Mais bien sûr, tu dois être certain que AppleIntel1000E.kext est bien compatible avec ta config sinon, ça ne changera rien


----------



## ILaw (5 Novembre 2014)

Frodon a dit:


> Maintenant que Yosemite est sorti, je vous propose de partager vos expériences d'installation ou de mise à jour sur vos PC Hackintosh.
> 
> Personnellement, cela fait un moment maintenant que j'utilise Clover comme bootloader. Donc pour mettre à jour vers Yosemite, j'ai simplement fait une clef USB bootable contenant l'installer de Yosemite (il y'a de nombreux tutos qui expliquent comment faire et même des outils qui automatise le processus).
> 
> ...



bonsoir


Auriez vous un conseil pour un petit adaptateur USB Wifi bluetooth afin de parfaire tout cela ? Merci bien


----------



## Leplouc (6 Novembre 2014)

Kinivo btd-300


----------



## ILaw (6 Novembre 2014)

Merci


----------



## ILaw (8 Novembre 2014)

encore merci pour ces conseils, le bluetooth est 100% opérationnel. Reste que je n'arrive pas à mettre la main sur une clé USB pour Le WIFI compatible Mac os X 

si vous aviez un conseil car là je sèche complètement 

cordialement

pascal


----------



## Frodon (8 Novembre 2014)

La clé DLink DWA-171 est compatible.

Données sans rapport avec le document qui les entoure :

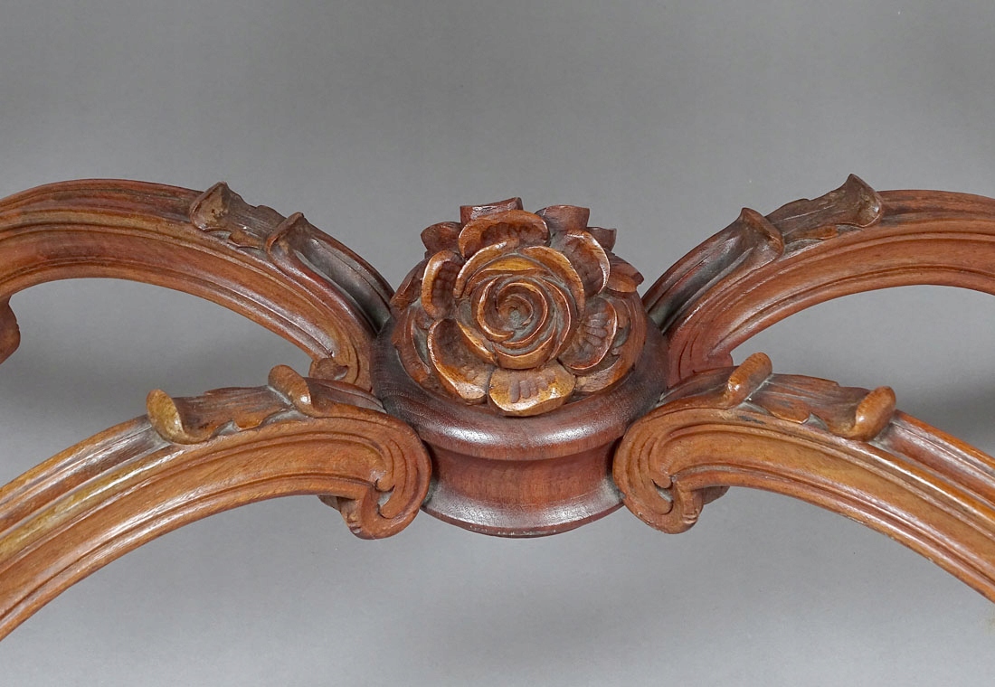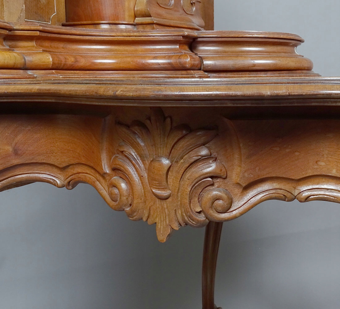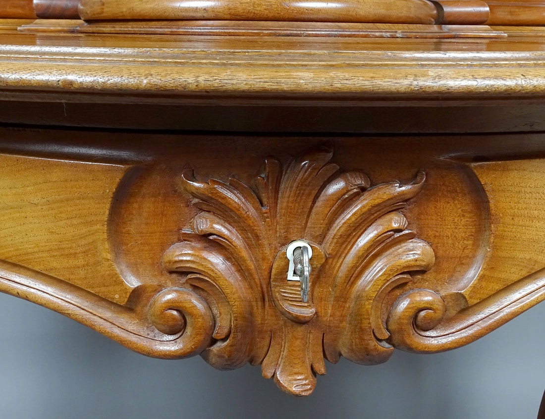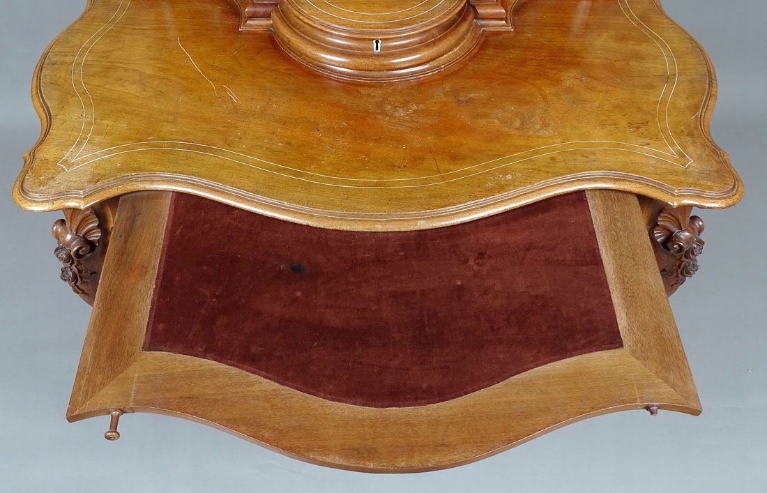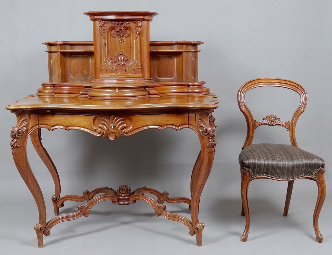 4 Зверху з хвилястим краєм, прикрашеним інкрустаціями у вигляді подвійної кісткової лінії. У глазур'ю ящик з блискавкою та висувна стільниця письма з бордовим полотном. Поклавши з багатьма уявами та увігненнями, з невеликим ящиком на дні, з боків з поличками, а в середині ключовим зберіганням, прикрашеним дерев’яним вирізом у вигляді тонких троянд і листя. Подвійні кісткові вени на панелях і дверях. Ноги, прикрашені різьбленими трояндами та дубовим листям, складними внизу профіленого лугу з квіткою посередині.

Par contre on ne peut pas tirer partie des fonctionnalités de Yosemite (HandOff notamment) avec des clés USB WiFi et Bluetooth.

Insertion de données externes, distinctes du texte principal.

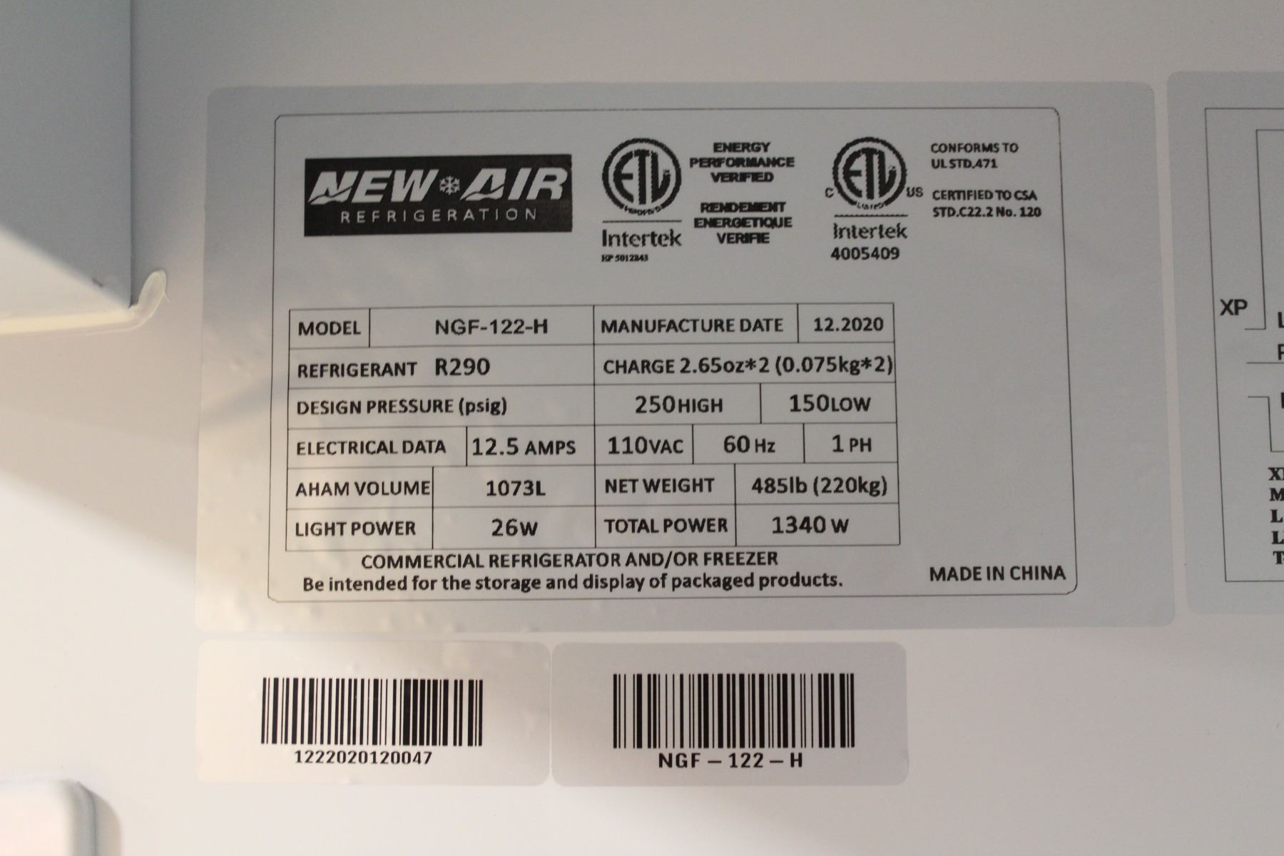 M# NGF-122-H, SINGLE PHASE, 110V, REFRIGERANT: R290. 1073 L CAPACITY. 1340W. MFG: 12/2020. 5-20P PLUG(20AMP) 54.5" X 33" X 78.5" **ALL ITEMS MUST BE REMOVED BY 5PM MONDAY, SEPTEMBER 12TH, 2022. ALL REMAINING ITEMS WILL BE SUBJECT TO A $6.00 PER DAY STORAGE CHARGE. ANY ITEMS REMAINING AFTER MONDAY, SEPTEMBER 26TH, 2022 WILL BE CONSIDERED FORFEITED. NO REFUNDS WILL BE ISSUED FOR FORFEITED ITEMS.** TO SCHEDULE A PICK UP APPOINTMENT CLICK HERE

De plus en WiFi les clé nécessitent souvent des drivers custom (et donc ne passent pas par le système standard d'OS X pour se connecter, mais une application maison). C'est le cas de la DLink.

Le driver est téléchargeable ici: ftp://ftp.dlink.eu/Products/dwa/dwa...-171_drv_revA1_mac_ 2-2-6_all_en_20140311.zip
Il est marqué compatible jusqu'à OS X 10.9, mais il marche sans soucis sous Yosemite.
Par contre une fois la clé USB branchée, il ne faut surtout pas la retirer du port USB tant que l'ordinateur est allumé et sous OS X, car ça provoque un Kernel Panic.

Personnellement j'ai commandé la carte WiFi/Bluetooth suivante pour ma carte mère, qui normalement devrait être 100% compatible et me permettre de profiter des fonctionnalités de Yosemite:

http://www.amazon.fr/dp/B00NTTZ81A/ref=pe_386181_40444391_TE_item

C'est une carte Half Mini-PCIe. Ma carte mère dispose de ce connecteur dans lequel j'ai d'ailleurs la carte livrée avec (qui est une Intel et pas compatible OS X niveau WiFi).

On peut aussi utiliser des cartes PCIe classiques si on a des ports de libre, tel que celle ci (qui ne fait que du WiFi pour le coup) en 802.11n: http://www.amazon.fr/gp/product/B00...tive=6738&tag=skos-20&creativeASIN=B007GMPZ0A


----------



## ILaw (8 Novembre 2014)

Merci Maitre Hobbit 

Ayant un portable, sous garantie  il m'est difficile de changer de hardware donc il est impératif que j'installe une clé USB wifi. Merci je vais donc commander l'ustensile conseillé :love:


----------



## vampire1976 (8 Novembre 2014)

Hello vous ^^

J'ai fais le saut sur Yosemite en faisant migrer mon ancien profil Mountain lion sur yosémite.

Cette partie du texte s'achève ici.